Тебя я знал бы в платьицах из ситца,
в домашних туфлях,
будничной,
такой,
что не тревожит, не зовет, не снится,
привыкнув жить у сердца,
под рукой.
Я, верно, посчитал бы невозможным,
что здесь,
в краю глухих, полярных зим,
в распадках горных, в сумраке таежном
ты станешь
красным солнышком моим.
До боли обмораживая руки,
порой до слез тоскуя по огню,
в сухих глазах, поблекших от разлуки,
одну тебя годами я храню.
И ты, совсем живая, близко-близко,
все ласковей, все ярче, все живей,
идешь ко мне
с тревогой материнской
в изломе тонких девичьих бровей.
Еще пурга во мгле заносит крышу
и, как вчера, на небе зорьки нет,
а я уже спросонок будто слышу:
«Хороший мой.

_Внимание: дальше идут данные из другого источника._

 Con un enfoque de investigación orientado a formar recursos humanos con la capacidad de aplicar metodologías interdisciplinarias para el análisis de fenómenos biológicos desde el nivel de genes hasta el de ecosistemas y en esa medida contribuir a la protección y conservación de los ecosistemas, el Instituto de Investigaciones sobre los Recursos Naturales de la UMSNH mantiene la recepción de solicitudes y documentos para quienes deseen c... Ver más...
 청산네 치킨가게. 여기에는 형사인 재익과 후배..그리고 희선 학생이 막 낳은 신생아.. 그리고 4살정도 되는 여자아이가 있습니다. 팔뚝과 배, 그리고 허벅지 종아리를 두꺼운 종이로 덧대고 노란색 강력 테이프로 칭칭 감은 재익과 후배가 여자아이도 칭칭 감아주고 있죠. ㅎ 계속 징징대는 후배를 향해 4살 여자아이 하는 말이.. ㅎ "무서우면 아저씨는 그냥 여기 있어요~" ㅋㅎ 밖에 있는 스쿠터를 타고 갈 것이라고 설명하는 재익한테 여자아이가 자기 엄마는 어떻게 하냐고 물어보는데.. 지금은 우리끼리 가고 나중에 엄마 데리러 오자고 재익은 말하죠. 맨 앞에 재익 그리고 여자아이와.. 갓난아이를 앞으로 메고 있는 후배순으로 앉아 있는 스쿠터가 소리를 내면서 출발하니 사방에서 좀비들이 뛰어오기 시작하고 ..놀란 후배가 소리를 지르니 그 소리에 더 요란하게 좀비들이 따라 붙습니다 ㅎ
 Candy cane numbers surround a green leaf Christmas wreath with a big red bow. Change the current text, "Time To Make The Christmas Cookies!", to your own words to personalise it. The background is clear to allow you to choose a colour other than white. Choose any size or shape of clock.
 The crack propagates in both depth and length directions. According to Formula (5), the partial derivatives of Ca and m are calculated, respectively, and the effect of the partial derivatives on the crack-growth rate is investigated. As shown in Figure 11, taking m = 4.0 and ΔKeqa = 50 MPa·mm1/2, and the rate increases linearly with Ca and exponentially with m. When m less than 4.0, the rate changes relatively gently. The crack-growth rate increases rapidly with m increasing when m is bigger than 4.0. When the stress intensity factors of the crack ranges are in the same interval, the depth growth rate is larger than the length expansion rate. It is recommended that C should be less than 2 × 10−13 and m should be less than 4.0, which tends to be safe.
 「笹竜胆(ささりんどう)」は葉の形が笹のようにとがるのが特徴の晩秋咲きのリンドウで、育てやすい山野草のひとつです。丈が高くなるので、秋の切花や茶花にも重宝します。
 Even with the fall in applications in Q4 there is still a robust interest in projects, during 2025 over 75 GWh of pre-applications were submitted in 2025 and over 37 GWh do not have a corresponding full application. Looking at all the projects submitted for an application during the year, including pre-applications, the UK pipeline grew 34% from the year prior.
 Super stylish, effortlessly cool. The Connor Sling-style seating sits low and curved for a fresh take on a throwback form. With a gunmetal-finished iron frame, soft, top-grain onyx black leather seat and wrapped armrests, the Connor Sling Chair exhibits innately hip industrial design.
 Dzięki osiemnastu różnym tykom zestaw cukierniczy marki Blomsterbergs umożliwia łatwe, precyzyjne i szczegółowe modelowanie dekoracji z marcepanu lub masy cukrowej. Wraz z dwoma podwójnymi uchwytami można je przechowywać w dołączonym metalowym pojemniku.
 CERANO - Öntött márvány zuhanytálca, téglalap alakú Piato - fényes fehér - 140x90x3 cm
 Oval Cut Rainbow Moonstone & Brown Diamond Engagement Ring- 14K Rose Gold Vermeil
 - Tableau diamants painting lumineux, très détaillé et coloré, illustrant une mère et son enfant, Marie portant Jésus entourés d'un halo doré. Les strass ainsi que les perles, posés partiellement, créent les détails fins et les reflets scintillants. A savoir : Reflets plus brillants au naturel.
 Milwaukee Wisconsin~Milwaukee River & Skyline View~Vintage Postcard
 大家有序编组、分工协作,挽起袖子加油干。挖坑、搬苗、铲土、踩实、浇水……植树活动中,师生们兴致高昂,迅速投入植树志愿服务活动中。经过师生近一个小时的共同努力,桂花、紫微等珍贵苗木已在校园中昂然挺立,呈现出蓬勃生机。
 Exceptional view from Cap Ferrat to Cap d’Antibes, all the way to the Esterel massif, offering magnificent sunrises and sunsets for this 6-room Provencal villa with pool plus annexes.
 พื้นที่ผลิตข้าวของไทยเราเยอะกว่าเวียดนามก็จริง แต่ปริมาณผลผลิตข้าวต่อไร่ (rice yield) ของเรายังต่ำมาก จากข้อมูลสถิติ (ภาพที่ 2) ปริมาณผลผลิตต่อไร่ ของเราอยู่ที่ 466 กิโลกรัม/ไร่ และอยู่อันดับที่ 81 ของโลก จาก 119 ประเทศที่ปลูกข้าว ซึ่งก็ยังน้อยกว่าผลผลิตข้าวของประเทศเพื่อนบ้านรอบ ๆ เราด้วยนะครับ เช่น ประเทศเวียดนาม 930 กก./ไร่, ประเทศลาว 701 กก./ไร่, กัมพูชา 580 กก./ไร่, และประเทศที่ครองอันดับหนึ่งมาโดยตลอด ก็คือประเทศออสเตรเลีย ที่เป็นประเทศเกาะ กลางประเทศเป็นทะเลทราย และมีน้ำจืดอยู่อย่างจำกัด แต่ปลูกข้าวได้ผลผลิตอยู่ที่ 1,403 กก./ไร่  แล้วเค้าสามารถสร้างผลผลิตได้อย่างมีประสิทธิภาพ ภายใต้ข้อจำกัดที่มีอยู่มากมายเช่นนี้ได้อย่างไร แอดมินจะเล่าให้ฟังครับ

Проснись.
Уже рассвет...»
Ты шла со мной по горным перевалам,
по льдинкам рек, с привала на привал.
Вела меня,
когда я шел усталым,
и грела грудь,
когда я замерзал.
А по ночам, жалея за усталость,
склонясь над изголовьем, как сестра,
одним дыханьем губ моих касалась
и сторожила сон мой до утра.
Чтоб знала ты:
в полярный холод лютый,
в душе сбирая горсть последних сил,
я без тебя —
не прожил ни минуты,
я без тебя —
ни шагу не ступил.
Пусть старый твой портрет в снегах
потерян,
пусть не входить мне в комнатку твою,
пусть ты другого любишь,—
я не верю,
я никому тебя не отдаю.
И пусть их,
как назло, бушуют зимы,—
мне кажется, я все переживу,
покуда ты в глазах неугасима
и так близка мне в снах и наяву.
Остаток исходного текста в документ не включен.